Fed Rate Cuts? What to Watch in This Week’s Jobs Report

U.S. stock and bond investors are bracing for a crucial employment report this week as they return from the Labor Day weekend to begin September trading.

The U.S. jobs report, set for release on Friday, is expected to have significant market implications, according to Victoria Fernandez, chief market strategist at Crossmark Global Investments. She noted that the report, which will detail August’s job growth and unemployment rate, could influence both stock and bond markets.

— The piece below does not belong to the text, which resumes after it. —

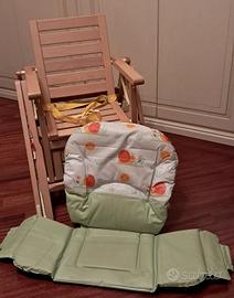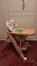 Seggiolone in legno FOPPAPEDRETTI ripiegabile ed utilizzabile su due altezze diverse regolabili anche con bambino seduto sopra. Ripiano anteriore ruotabile indietro se non necessario, altrimenti bloccabile in posizione anteriore tramite due morsettini ruotabili. Poggiapiedi ripiegabile anch'esso. Imbottitura removibile, lavabile e fissata con velcri ai braccioli. Cinturini di sicurezza per il bambino. Dimensioni: largh. x prof. x altez. - config. alta: 50x61xh95 - config. bassa: 50x78xh71,5 - config. ripiegata: 50x18xh66 Peso circa 8 kg. Vendita solo a mano. No spedizione. Difetto: 1 dei due piedini in plastica gialla incollato. Solitamante usavo il seggiolino senza entrambi i piedini ed e' stabilissimo ugualmente.

In early August, the release of July’s employment data, which came in softer than expected, caused market volatility, with the unemployment rate rising to 4.3%. However, U.S. stocks have since rebounded, with the Dow Jones Industrial Average reaching a new record high on Friday, while the S&P 500 closed just 0.3% below its all-time peak from July 16.

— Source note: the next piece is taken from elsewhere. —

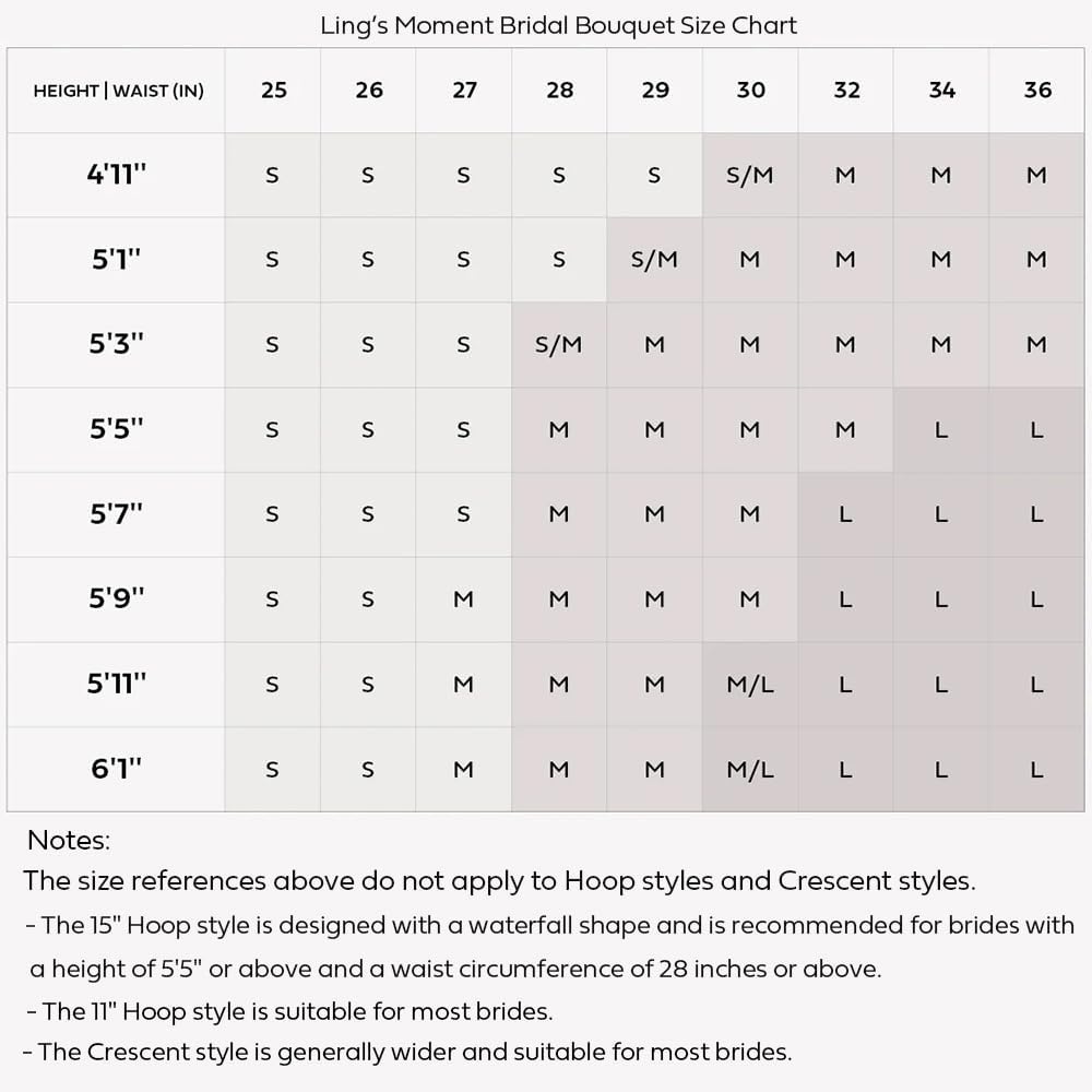 - Size: This Wedding Bouquets for Bride is approx. [13 inches W x 20 inches H]. Handle length 4.3inch. With ribbons card. This size is typically suitable for most brides to carry, this one is recommend for 4'11"-6'1"height and 25" waist, 4'11"-6'1"height and 26" waist, 4'11"-5'7"height and 27" waist, 4'11"-5'3"height and 28" waist, 4'11"-5'1"height and 29" waist, 4'11"height and 30" waist.

“The overall economy still appears robust,” said Bob Elliott, co-founder and CEO of Unlimited Funds. However, he cautioned that the outlook remains uncertain, with potential outcomes ranging from a “no landing” scenario to a soft or hard landing.

Investors are closely monitoring the labor market following Federal Reserve Chair Jerome Powell’s remarks at Jackson Hole on August 23, where he noted that the labor market has “cooled considerably” and that risks to employment have increased. With inflation significantly down from its 2022 peak, Powell hinted at the possibility of interest rate cuts.

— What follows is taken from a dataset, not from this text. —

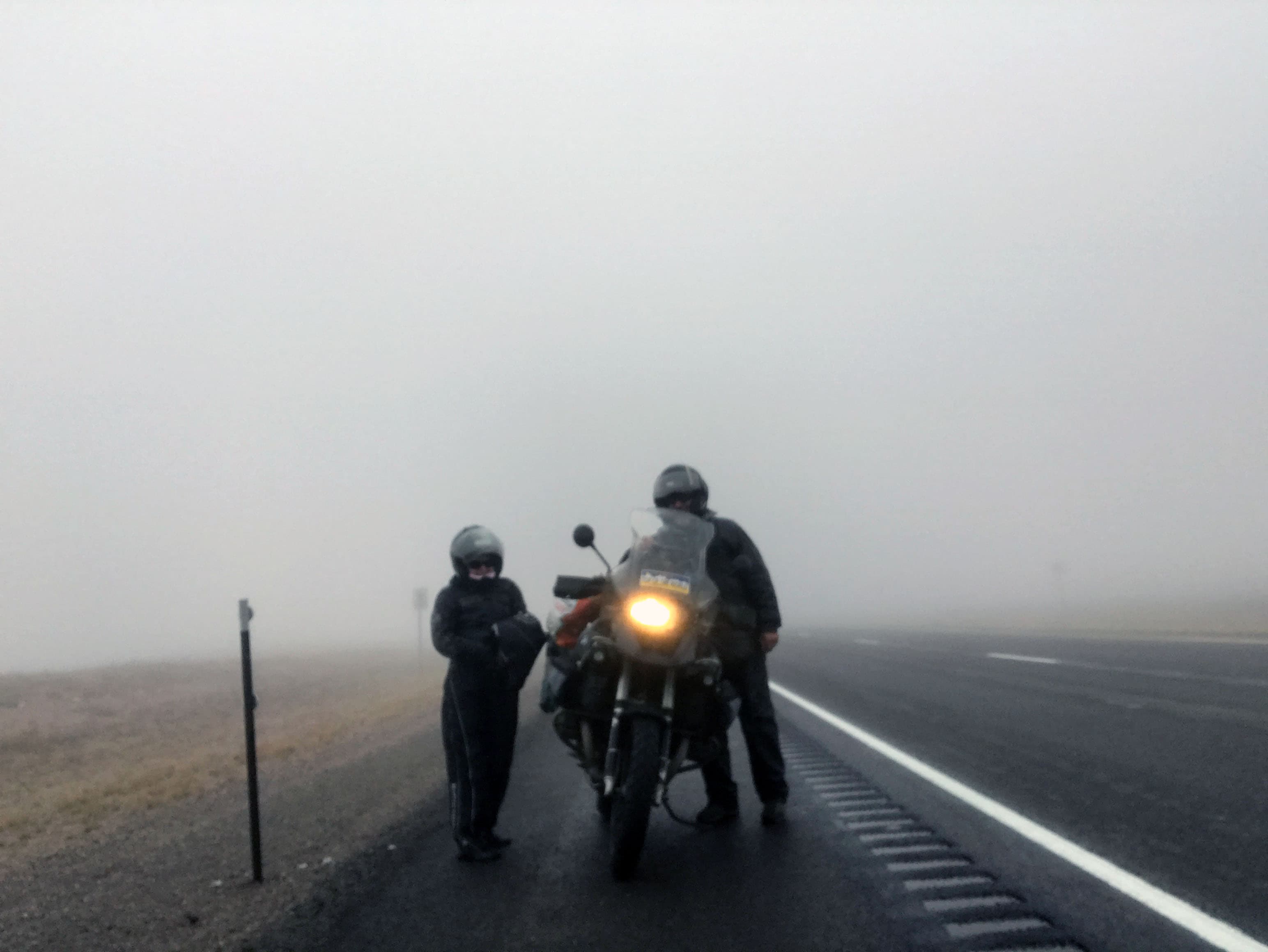 Our last stretch to Denver is the toughest. As we leave Laramie, we´re faced with a wall of clouds and fogs. It´s only going to be like that for a moment I think to myself. How terribly wrong I was! As we enter the fog, the already low temperature drops even more. We switch our warning signs on, incapable of driving faster than 40 km/h. With every passing second, I´m dreading that a car will run into us, not seeing us with all this fog.

The upcoming jobs report could be a critical factor in determining whether the Fed opts for a quarter-point or half-point rate cut at its September policy meeting, according to Phil Camporeale, a portfolio manager at J.P. Morgan Asset Management. He expects the August employment data to show strength, potentially prompting the Fed to start reducing rates in small increments. A deeper cut could indicate growing concerns about the labor market and the broader economy.

Barclays analysts predict the unemployment rate will drop to 4.2% in August, partially reversing July’s spike, which was partly attributed to temporary unemployment from Hurricane Beryl. They also expect stronger job growth compared to July.

A positive jobs report could drive Treasury bond yields higher and trigger a stock market rally, said Camporeale.

On Friday, all three major U.S. stock indexes—the Dow, S&P 500, and Nasdaq Composite—closed higher as investors digested an inflation report that largely met Wall Street’s expectations. The Dow and S&P 500 recorded gains for the fourth consecutive month in August.

Jobs Report

In the bond market, Treasury yields fell in August as investors anticipated future rate cuts by the Fed. The 10-year Treasury note yield dropped for the fourth straight month to 3.910%, while the two-year Treasury yield also declined for the fourth consecutive month, its longest such streak since July 2020.

Jobs Report

Despite recent signs of labor market softening, the market is “not soft” yet, according to Roger Hallam, Vanguard Group’s global head of rates. However, he noted that a downside surprise in Friday’s jobs report could make a deeper rate cut in September more likely.

Meanwhile, traders in the federal-funds futures market are pricing in the possibility of up to one percentage point of rate cuts by the Fed this year, a move that Camporeale views as “a little too aggressive.”

“If that happens, it could signal a growth scare similar to the market reaction after July’s weaker-than-expected jobs report,” he said.

Elliott questioned the need for rate cuts, given the economy’s overall strength and the fact that asset prices are near all-time highs, with inflation remaining slightly above the Fed’s 2% target despite rate hikes.

The Fed has kept its policy rate at 5.25% to 5.5% since July 2023, a level Powell described as “restrictive,” helping to significantly reduce inflation. Powell emphasized that the cooling labor market is no longer contributing to inflation and indicated that the Fed does not favor further labor market weakening.

He also hinted that it might be time for a policy adjustment, a message that resonated with Camporeale, who has been anticipating a Fed pivot toward rate cuts.

Camporeale remains “overweight” on U.S. stocks and has recently increased his exposure to the equal-weight S&P 500 index, expecting the market rally to broaden. In the fixed income space, he favors high-yield corporate bonds, which offer additional yield.

“The probability of recession remains low,” said Camporeale, citing the resilience of the consumer and the ongoing moderation of inflation.

U.S. stock and bond markets will be closed on Monday in observance of Labor Day.